▶ _Directions for this task_: Set down the data again exactly. Pictures are not part of the copy.

▶ _Data shown_:

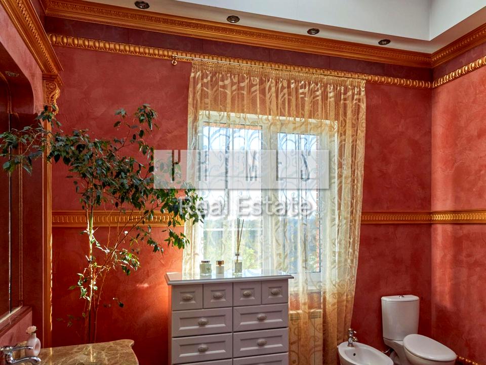 Будинок, 2 поверхи, 5 кімнат. Площа ділянки 15 соток. Планування кімнат Роздільне. У будинку є Підігрів підлоги, Камін, Ванна, Сигналізація, Зона мангалу, Гараж, Тераса, Бесідка, Лазня, Басейн. Загальний стан будинку - З ремонтом. Комісія за послуги 3 %
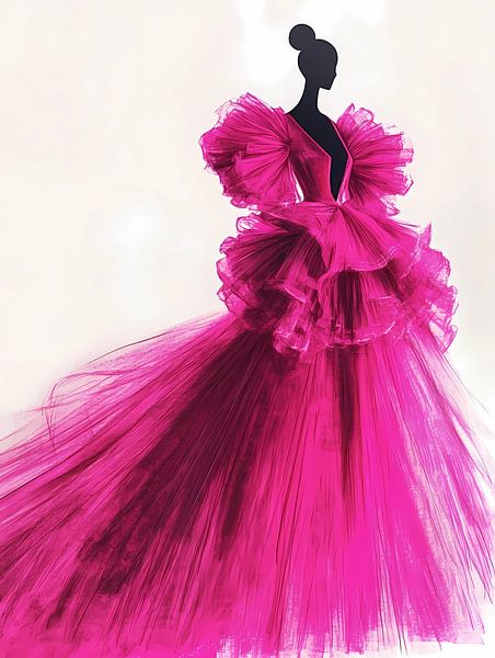 Bestelle das digitale Kunst Bild Mode Rosa Kleid von IamHome Studio als Reproduktion auf Leinwand, Alu-Dibond, als Poster, Fototapete oder Acrylglasbild.
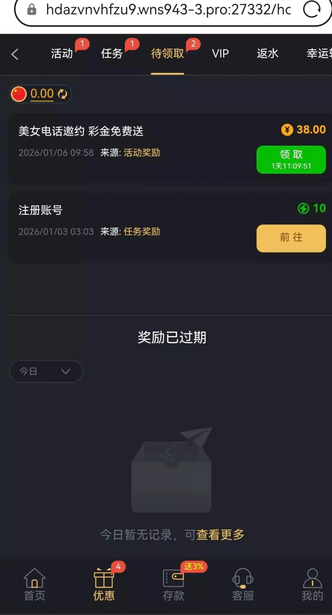 我是3号注册的,今天就打电话过来说电话特邀彩金,登录就有的,我没有充值过,老哥可以去登录碰一下,祝碰到的老哥发大财

▶ _Result below_:
 Будинок, 2 поверхи, 5 кімнат. Площа ділянки 15 соток. Планування кімнат Роздільне. У будинку є Підігрів підлоги, Камін, Ванна, Сигналізація, Зона мангалу, Гараж, Тераса, Бесідка, Лазня, Басейн. Загальний стан будинку - З ремонтом. Комісія за послуги 3 %
 Bestelle das digitale Kunst Bild Mode Rosa Kleid von IamHome Studio als Reproduktion auf Leinwand, Alu-Dibond, als Poster, Fototapete oder Acrylglasbild.
 我是3号注册的,今天就打电话过来说电话特邀彩金,登录就有的,我没有充值过,老哥可以去登录碰一下,祝碰到的老哥发大财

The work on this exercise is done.